Since taking office in January 2017, President Trump has infamously used Twitter to launch multiple attacks on politicians, celebrities, the media and even members of the public, much to the delight of late-night entertainment talk show hosts, who’ve had endless amount of material for the whole year. He also caused a global uproar when he shared some tweets that were clearly anti-Islamic in nature.


Not to mention the fact that Obama has also often been at the end of these hate-filled tweets. The most memorable of them being the one where Trump accused Obama publicly of tapping his phone and then later conveniently covered up the issue with some other scandalous tweets!


Obama said in the interview that when such politically sensitive issues and ‘toxic debates’ are discussed outside the Government, it could do a lot oh harm. He suggested a few ways to tackle the issue: “A good way to fight against that is to make sure online communities don’t just stay online, that they move offline,” the former President said.

“The truth is on the internet everything is simplified and when you meet face to face it turns out they’re complicated. There might be someone you think is diametrically opposed to you when it comes to your political views but you root for the same sports team or you notice that they’re really good parents and you find areas of common ground because you find things aren’t as simple as things are portrayed in chat groups,” he continued.

In a thinly veiled remark that might be suggesting that Trump should stay off Twitter and focus on real-world issues, Obama said, “... it’s also harder to be as obnoxious and cruel in person as people can be anonymously on the internet.”

Obama and Harry have become close friends after meeting at the Invictus Games at Toronto earlier in September but their relationship is reported to be close to sparking a diplomatic crisis over invites to his upcoming wedding to Meghan Markle which is set to take place on May 19 next year. The diplomatic ties between The British government and the Trump administration are not all milk and roses and Trump might not take it well if Obama (who he has expressed hatred towards time and time again) gets an invite before Trump even gets a chance to meet the Queen.

Barack Obama and Prince Harry share a joke during the Invictus Games in Toronto on September 29. (Photo by Chris Jackson/Getty Images for the Invictus Games Foundation)
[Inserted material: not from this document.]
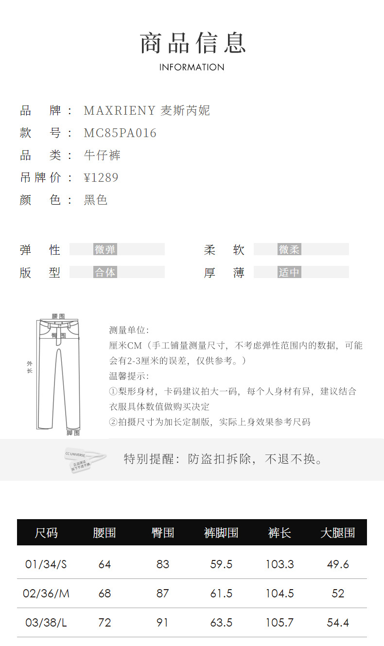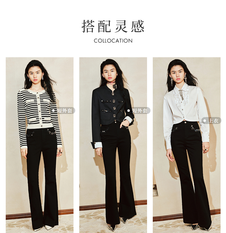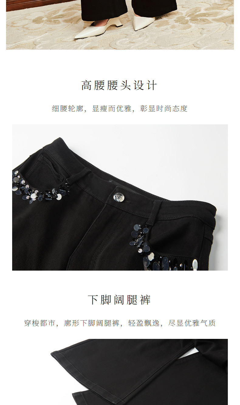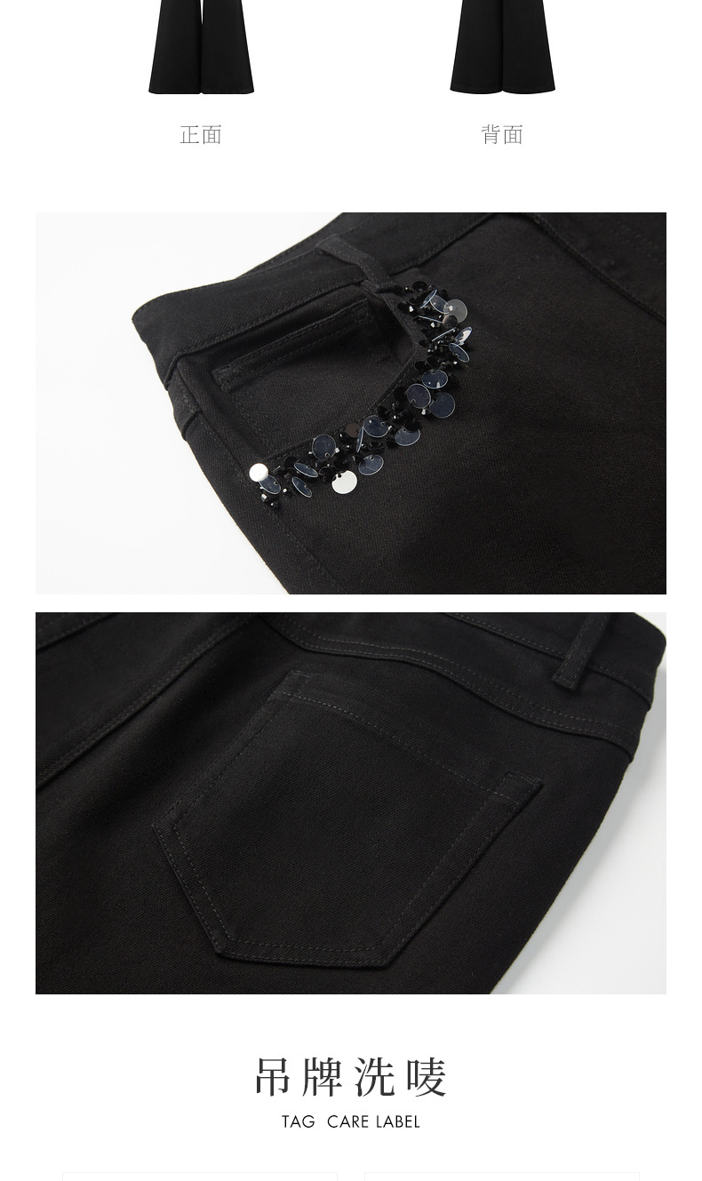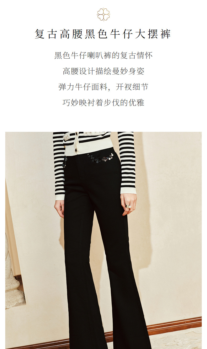 【商场同款-摩登女爵】MAXRIENY*休闲裤子高腰黑色牛仔喇叭裤(货号:MC85PA016)

According to a report by The Sun, a senior British government official said: “Harry has made it clear he wants the Obamas at the wedding, so it’s causing a lot of nervousness. Trump could react very badly if the Obamas get to a Royal wedding before he has had a chance to meet the Queen.”

During the interview, Obama also looked back on the day he handed over power to Trump and despite feeling satisfied he says it was “mixed with all the work that was still undone”.

Addressing the change-over of Governments and the situation after a year after Obama's term ended, Prince Harry asked: “At the end of 2016 many people were relieved it had finished, it was a turbulent year - 2017 hasn’t exactly been easy for the world and many people are worried about the direction the world is headed — can you give a reason for people to feel optimistic for the year ahead?

To which Obama replied in his usual eloquent style: “I don’t think in terms of one year but I can tell people what I genuinely believe which is that if we take responsibility for being involved in our own fate, if we participate, if we engage, if we speak out, if we work in our communities, if we volunteer, if we see the joy that comes from service to others then all the problems we face are solvable.”

Harry, who stepped in as a guest for the BBC’s Today program on behest of the production team, also went on to speak about a host of issues which included mental health, the charitable sector and the Armed Forces - all topics that he himself chose for the interview. On a lighter note, during a rapid-fire session in the interview, Harry also asked Obama if he prefers ‘briefs or boxers’!